You might remember Andrea Pavan, who just shot five-under 67 in the opening round of the Slync.io Dubai Desert Classic. Then again you might not. Even in plain sight, he’s been all but invisible for a while now. Almost ever since his victory in the 2019 BMW International Open in Germany – his second on the now DP World Tour – the Italian has struggled. Which might be the understatement of this or any other century.
Consider the numbers. Pavan arrived in Dubai for this week’s Desert Classic ranked 1,127th in the world. That’s not bad, considering he was 1,664th seven days earlier, a dire situation somewhat alleviated by his T-22 finish in the Abu Dhabi HSBC Championship. But it’s not great either. At the end of 2019, the Dallas-based 32-year-old (he played on the Texas A&M’s NCAA Championship team in 2009) was the 74th best golfer on the planet.
Pavan’s decline was swift and definitely not pretty. In 2020 his average score on tour was 75.37. And last year he was even worse. Ranked 200th (last) in that category, his 75.69 was almost exactly five shots higher than the tour average.

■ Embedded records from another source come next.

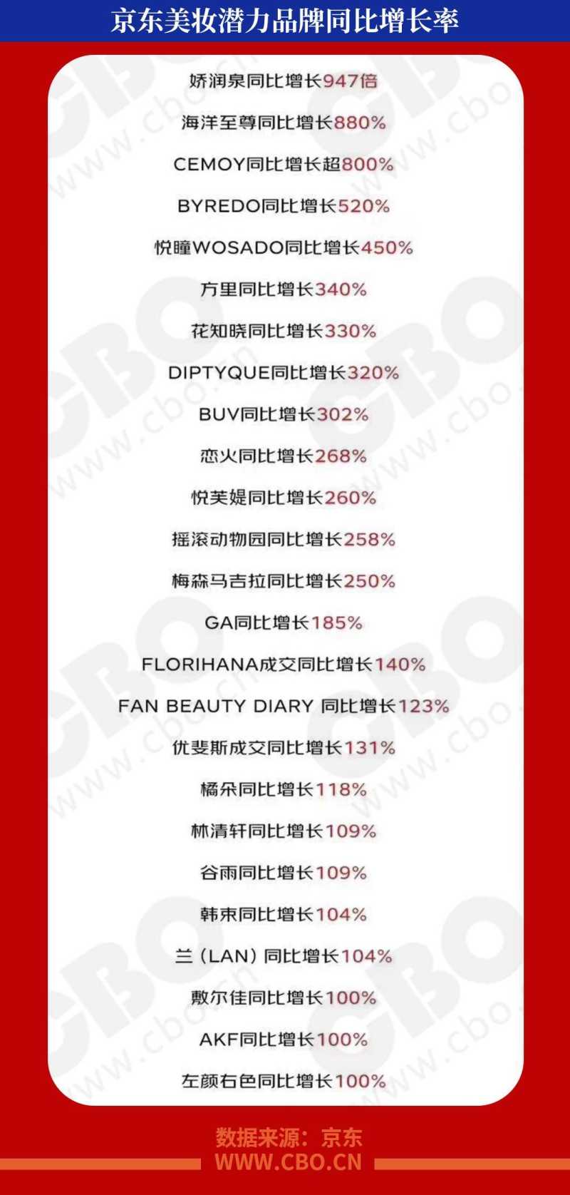 高增速潜力美妆品牌中,多个国货品牌被点名:男士品牌海洋至尊同比增长880%、左颜右色同比增长100%,彩妆品牌方里同比增长340%、花知晓同比增长330%、恋火同比增长268%、橘朵同比增长109%,个护品牌摇滚动物园同比增长250%。护肤品牌FAN BEAUTY DIART同比增长123%、林清轩同比增长109%、谷雨同比增长104%、韩束同比增长104%、敷尔佳同比增长100%、兰(lan)同比增长100%。
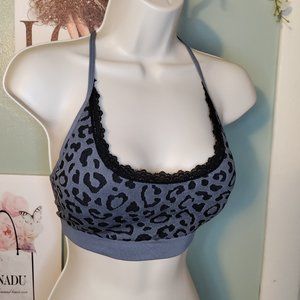 BZB Lace Leopard Print Seamless Wirefree Bralette Camisole Removable Padding
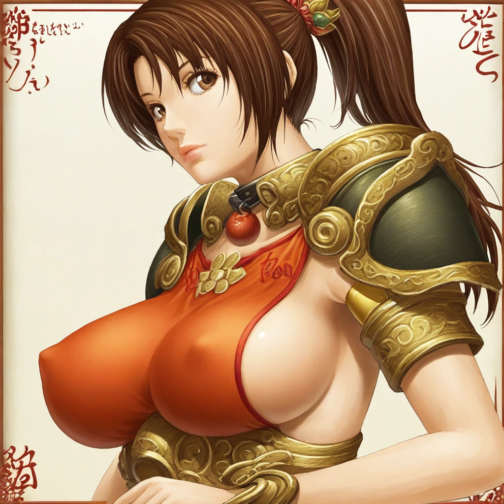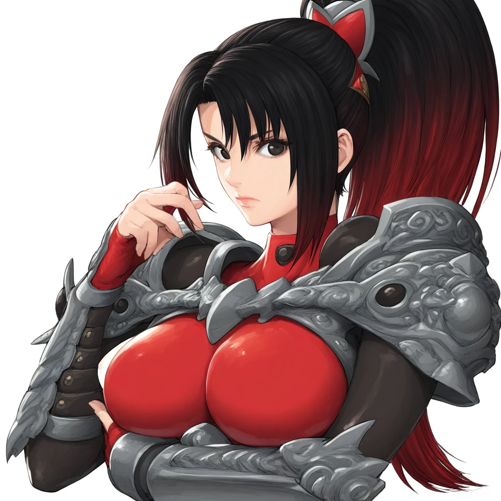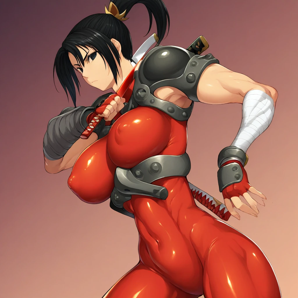 Trigger words: Taki, long black hair, ponytail, bangs, brown eyes, ninja, armor, red jumpsuit, full body suit, fingerless gloves, elbow-length gloves, shoulder armor, arm guards, shoulder pads, mask, mouth mask, fishnet stockings, athletic build, hair ornament, tight clothing, covered navel, covered collarbone, sleeveless

You won’t be surprised to hear that Pavan was also 200th in driving accuracy, hitting just over one-in-three of the fairways he aimed at. Or that he pulled up 186th in driving distance, his 280.47-yard average more than 16 yards short of the median figure on tour. Or that he was 200th in greens in regulation. He hit fewer than half of the putting surfaces in the correct number of shots when his average competitor was finding them two out of three times. Or that he was 117th in putting when he did hit greens.

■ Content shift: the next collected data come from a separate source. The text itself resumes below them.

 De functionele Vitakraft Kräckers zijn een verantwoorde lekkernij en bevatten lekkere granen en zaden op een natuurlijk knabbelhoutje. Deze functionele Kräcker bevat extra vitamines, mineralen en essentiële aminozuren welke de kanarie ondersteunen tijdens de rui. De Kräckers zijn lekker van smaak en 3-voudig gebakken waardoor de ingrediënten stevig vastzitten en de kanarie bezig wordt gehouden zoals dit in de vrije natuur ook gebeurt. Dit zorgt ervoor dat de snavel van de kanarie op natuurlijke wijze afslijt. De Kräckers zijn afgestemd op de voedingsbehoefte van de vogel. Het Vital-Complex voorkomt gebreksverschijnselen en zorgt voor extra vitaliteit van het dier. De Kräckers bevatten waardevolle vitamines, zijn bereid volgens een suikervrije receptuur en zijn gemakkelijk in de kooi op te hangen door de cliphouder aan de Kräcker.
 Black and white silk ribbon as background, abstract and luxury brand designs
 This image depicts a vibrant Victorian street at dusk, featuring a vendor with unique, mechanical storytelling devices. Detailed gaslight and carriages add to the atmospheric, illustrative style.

You get the picture. This was a man who had lost his way in a golf sense, a man in almost total despair, Speaking to Golf Digest last July at the Scottish Open (where he again missed the cut), Pavan was good enough to explain what was going on.
“It all started at the end of 2019, when I began to hit a few foul balls off the tee,” he said then. “It was always not the best part of my game, and I was losing it way to the right. It felt like something not good was coming, and it snowballed. Then I had a wrist problem. That didn’t help because it made me more afraid of releasing the club.
“I’m struggling off the tee and the long game is not there,” he continued. “It’s tough because the tee shot is the first shot and if you hit it right or left, you feel you are scrambling all day. It is tiring. And it’s tough when you have doubts, but this game can sometimes be like this. You just have to try and stop yourself digging an even bigger hole. But, when you play bad for so long, your confidence is hurt.”
Things clearly didn’t get much better over the rest of the 2021 season, which ended with Pavan taking a well-advised break from competition. But not from golf. At home in Dallas, he and coach Corey Lundberg (an associate of Australian Cameron McCormick, who works with Jordan Spieth), broke down his problems.
“After the Scottish Open, I did have a bit of good play,” Pavan says. “But it was in the middle of the season, and I didn’t feel like it was a time to take time off and work on some of the things that got away from me. It was mainly my driving. But it had gotten to the point where I was having trouble with just about any club off the tee. It felt like I was sliding ahead of the ball at impact, which left me with no chance to square the face.”
Pavan said he took three months off from tournaments, “and maybe a month-and-a-half away from social media” to clear his head and reset. Since then, good things seem to be happening. Pavan is far from claiming “I’m back”, but it is clear that his technical and mental fog is slowly lifting. One week before he made the long trip to the Middle East, he made nine birdies in one round at a mini-tour event in the Dallas-area.
“My recent play is a good sign,” he said after his six-birdie, one-bogey opening-round at the Emirates Club. “As for tomorrow, I see no reason why I shouldn’t keep playing like this. I’m just enjoying the fact that I’m walking onto tees and setting up over shots with a calmer feeling. I’m managing to control the ball. When you do it once under the gun, it gets easier the next time. And that’s what I’ve been doing. Hitting good shots again and again.
“Overall, it feels like there something good is happening,” he added. “If you can make nine birdies on any course, you are doing something right. The signs are there. Ask any player who has gone through a big slump. It’s all about seeing those signs and making little steps forward. I feel like this week is another one of those. The tournament is clearly not finished, but I feel good.”